Symptom: Retrieved chunks are relevant but the LLM’s answer is wrong or incomplete.

Fixes:

  • Increase the number of retrieved chunks (try 8-10 instead of 5).
  • Reduce chunk size to 500 characters for more precise retrieval.
  • Use a larger LLM (13B instead of 8B) for better comprehension.
  • Lower temperature to 0.1-0.2 for more factual responses.

Slow Ingestion

Symptom: Uploading documents takes a very long time.

Fixes:

  • Ensure the embedding model is running on GPU, not CPU.
  • For bulk uploads, ingest documents via the API rather than the web interface.
  • Large PDFs (100+ pages) should be split into smaller files before upload.

Bottom Line

A local RAG pipeline gives your LLM access to your private documents without sending data to external services. The combination of Ollama for inference and embedding, ChromaDB for vector storage, and Open WebUI for the user interface creates a fully self-hosted system that runs on a single machine with a modern GPU.

Start with Open WebUI’s built-in RAG for simplicity. Move to a custom Python pipeline when you need more control over chunking, embedding, or retrieval logic. Either way, the core components are the same: chunk your documents, embed them, store the vectors, and retrieve relevant context at query time.


FAQ

How much VRAM do I need for a local RAG pipeline?

The embedding model and the LLM share VRAM. nomic-embed-text uses about 300MB of VRAM. A 7B LLM at Q4 quantization uses about 5GB. Total minimum is around 6GB, making an 8GB GPU workable for basic RAG. For 13B models with RAG, plan for 12GB+ VRAM.

Can I use RAG with documents that contain images or tables?

Text-based RAG extracts and indexes only the text content from documents. Tables are often poorly extracted from PDFs. For best results, convert tables to markdown format before ingestion. Image content requires multimodal RAG pipelines, which are more complex and not covered by basic Open WebUI RAG.
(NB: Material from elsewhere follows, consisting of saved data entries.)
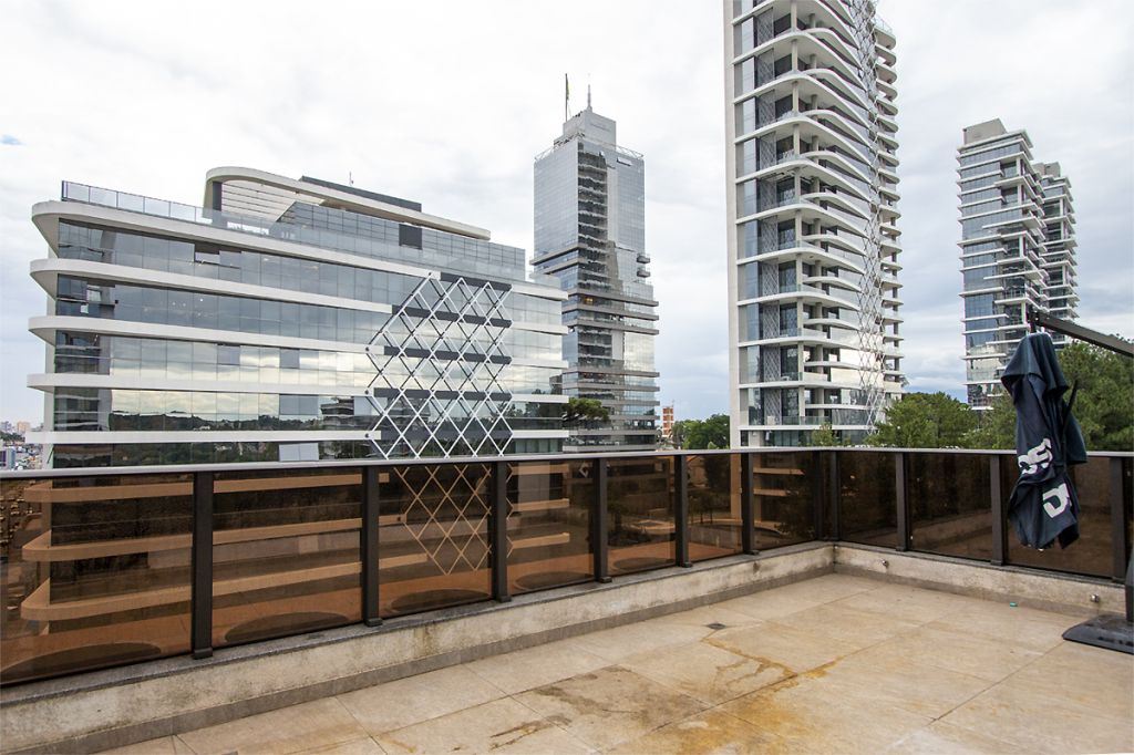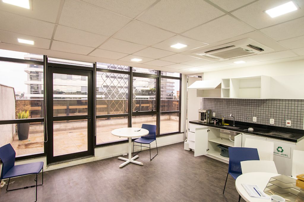 Aluga-se andar inteiro, mobiliado, 469,68m² de área privativa: 07 salas UNIFICADAS com 54 posições de trabalho mobiliadas em espaço aberto, sala diretor 3.97 X 4.60 mobiliada, antessala 6.64 x 3.85 com mesa redonda, sala reunião 6.60 x 4.64 mobiliada, sala reunião menor 4.58 x 4.00 mobiliada e 02 cabines à prova de som; 02 varandas; 08 BWCs; Cozinha mobiliada; ar-condicionado; piso elevado; 07 vagas de garagem (sendo 03 vagas duplas exclusivas).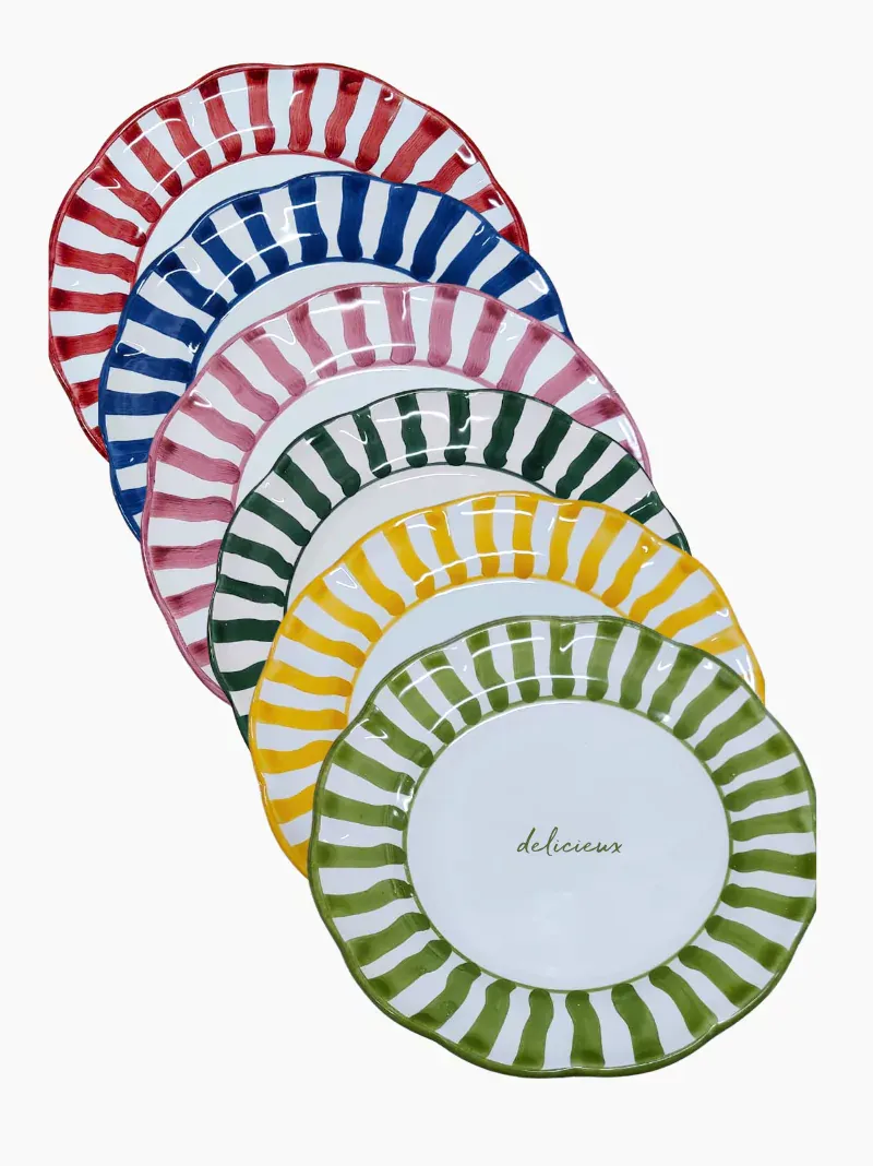 This scalloped stripe quote plate set is dressed in iconic French phrases, adding a little je ne sais quoi to every dish. Whether you’re serving croissants or coq au vin, these plates prove that dining is always more chic in French.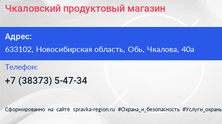 Чкаловский, продуктовый магазин по адресу 633102, Новосибирская область, Обь, Чкалова, 40а в дальнейшем Организация, размещена в следующих категориях:

How many documents can a local RAG system handle?

ChromaDB and Qdrant can handle millions of document chunks on a single machine. The practical limit is storage space and query latency. A collection of 100,000 chunks with 768-dimension embeddings uses roughly 300MB of storage and returns results in under 100ms on modest hardware.

Is local RAG as good as cloud-based RAG services?

For most use cases, yes. The quality depends primarily on your chunking strategy, embedding model choice, and the LLM’s ability to synthesize retrieved context. Local embeddings from nomic-embed-text perform comparably to OpenAI’s ada-002 on standard benchmarks. The main advantage of cloud services is managed infrastructure, not quality.

How do I update documents in my RAG pipeline?

Delete the old document chunks from your vector store and re-ingest the updated document. In Open WebUI, you can remove and re-upload files in the Knowledge section. For custom pipelines with ChromaDB, delete by metadata filter and re-add. There is no in-place update mechanism for embeddings.